Contents

ArgumentMatcher

The values that define how to validate a tool-call argument.

Declaration

enum ArgumentMatcher

Mentioned in

Overview

Use argument matchers to specify validation rules for tool-call arguments. You can require exact values, verify key presence, check ranges, match patterns, or use a language model for semantic matching.

For example:

let matchers: [ArgumentMatcher] = [
    .exact(argumentName: "city", value: "San Francisco"),
    .keyOnly(argumentName: "units"),
    .naturalLanguage(argumentName: "prompt", criteria: "A weather-related question")
]

Validation Strategy

Rules

Exact(argumentname:value:)

Value must equal the expected value exactly. Use for identifiers, enum values, and precise inputs.

Keyonly(argumentname:)

Argument must be present with any value. Use when you care that the model provides the parameter but any value is acceptable.
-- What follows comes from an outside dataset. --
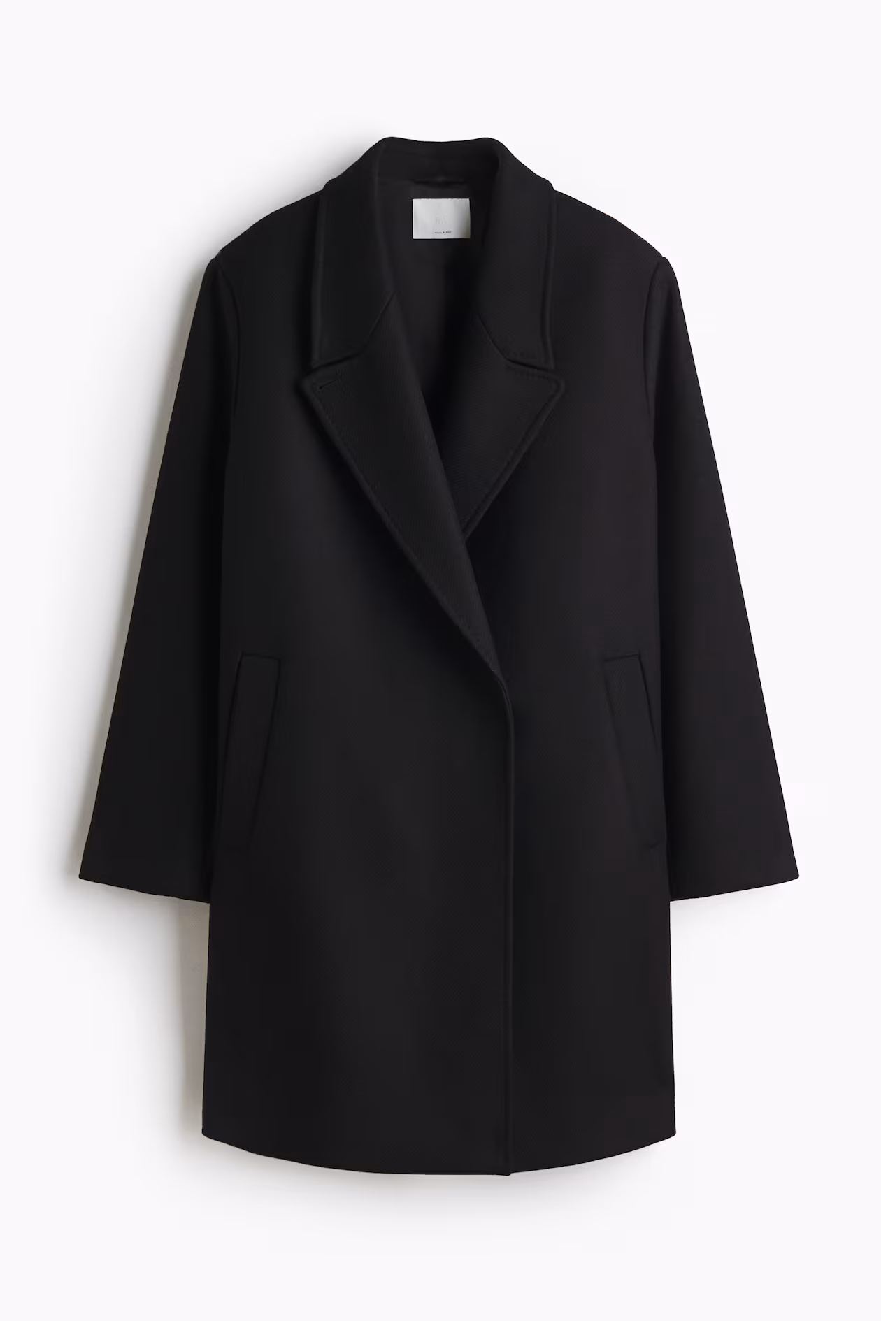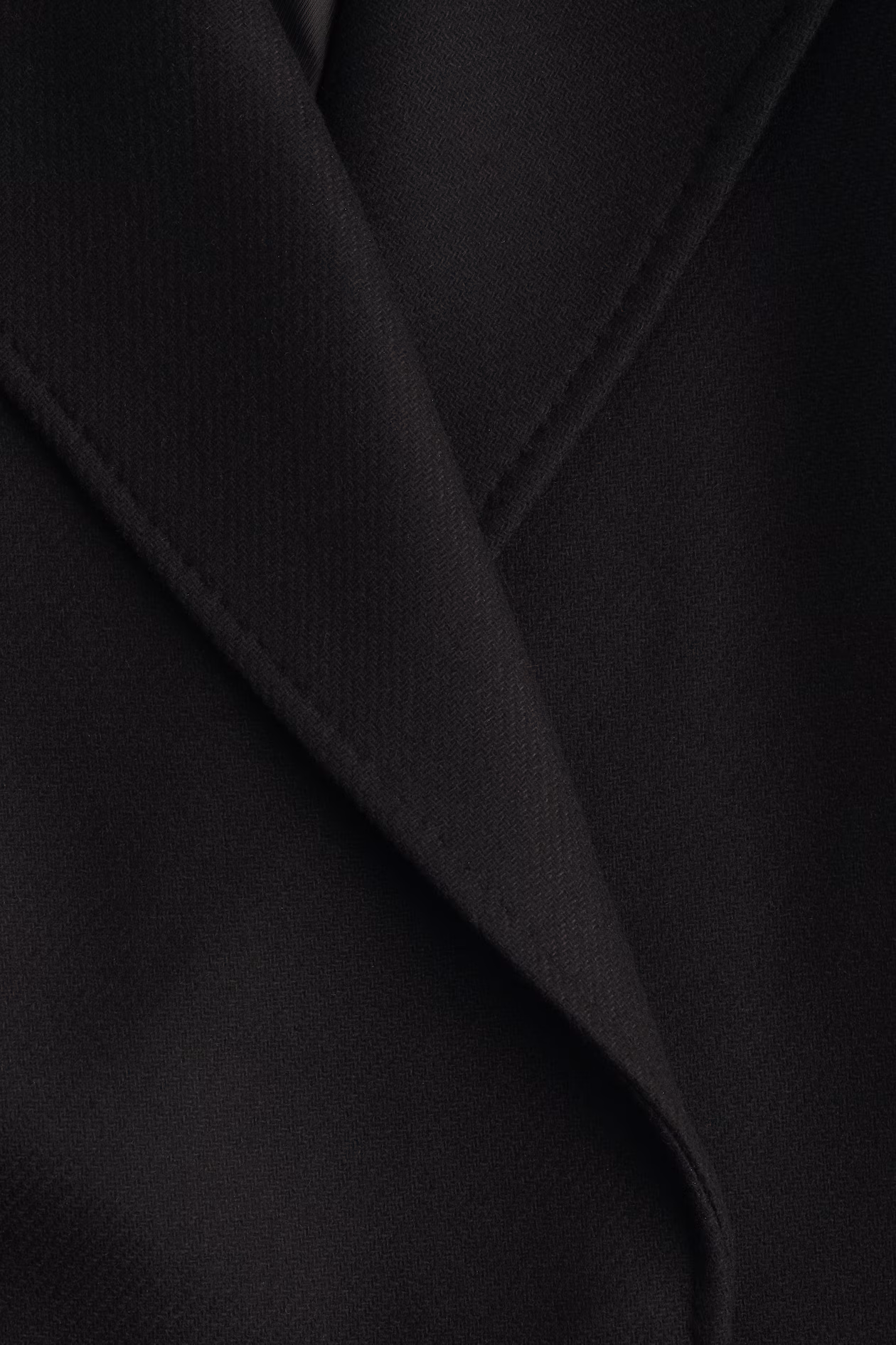 Oversized, double-breasted, knee-length coat in a felted wool blend from Italian fabric makers Nova Fides. Pointed lapels, concealed snap fasteners at front, and welt side pockets. Shoulder pads for a defined silhouette. Vent at back. Lined.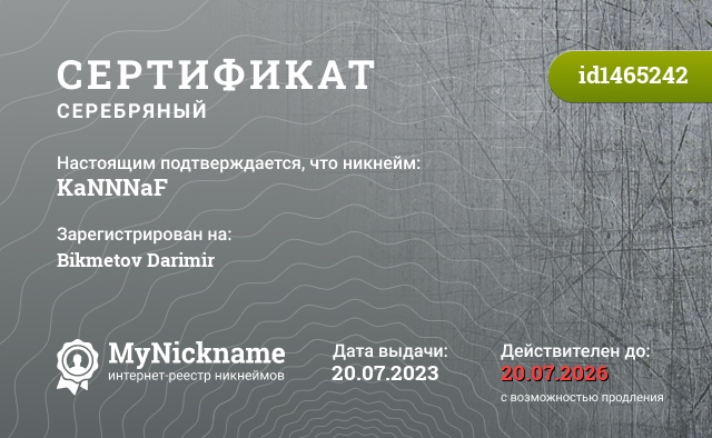 Nickname KaNNNaF is registered to Bikmetov Darimir. Issued certificate ID1465242. Issue date 20.07.2023.

Oneof(argumentname:allowedvalues:)

Value must be one of the allowed options. Use for ambiguous prompts with multiple valid interpretations.

Range(argumentname:minimum:maximum:)

Numeric value must fall within bounds (inclusive). Use for quantities where a range is acceptable.

Pattern(argumentname:regex:)

String must match a regular expression. Use for structured formats: emails, dates, IDs.

Contains(argumentname:substring:)

String must contain a substring. Use when the argument references a concept but phrasing varies.

Hasprefix(argumentname:prefix:)

String must start with a prefix. Use for paths, URLs, or namespaced values.

Hassuffix(argumentname:suffix:)

String must end with a suffix. Use for file extensions or domain-specific endings.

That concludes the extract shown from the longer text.